Weekly newspaper in Mauritius

Mauritius Times is a weekly newspaper which is published in Mauritius, primarily in English language.

==History==
Mauritius Times (MT) was founded on 14 August 1954. Bikramsingh Ramlallah (also known as Beekrumsing or Beekrum) and Sir Kher Jagatsingh teamed up to start the publication, shortly after Jagatsingh had left the Civil Service and before becoming an active politician. Ramlallah was the editor of Mauritius Times from 1954 to 2000.

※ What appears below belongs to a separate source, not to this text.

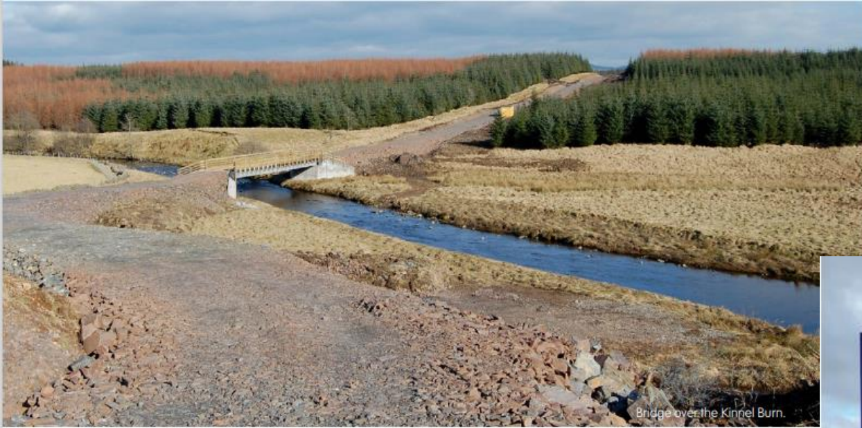
Bridge over the Kinnel Burn.

The Mauritius Times (founded in 1954) should not be confused with an older and defunct daily newspaper which was also called "Mauritius Times". The defunct paper used to be published a century earlier, between the 1840s and the 1930s.

==Contributions==
News articles in Mauritius Times often analysed events in the context of the country's socio-political history. It became known as an "opinion paper". Its founder-editor Bikramsingh Ramlallah was arrested and jailed in 1984 as he was founder-chairman of the Mauritius Union of Journalists (MUJ). The MUJ had organised a public protest against the proposed restrictive Newspapers and Periodicals (Amendment) Bill. Also arrested were 44 other journalists who had joined the public protest in Port Louis.

==Website==
Mauritius Times provides the online version of the weekly paper, including the free-to-download PDF version of the newspaper.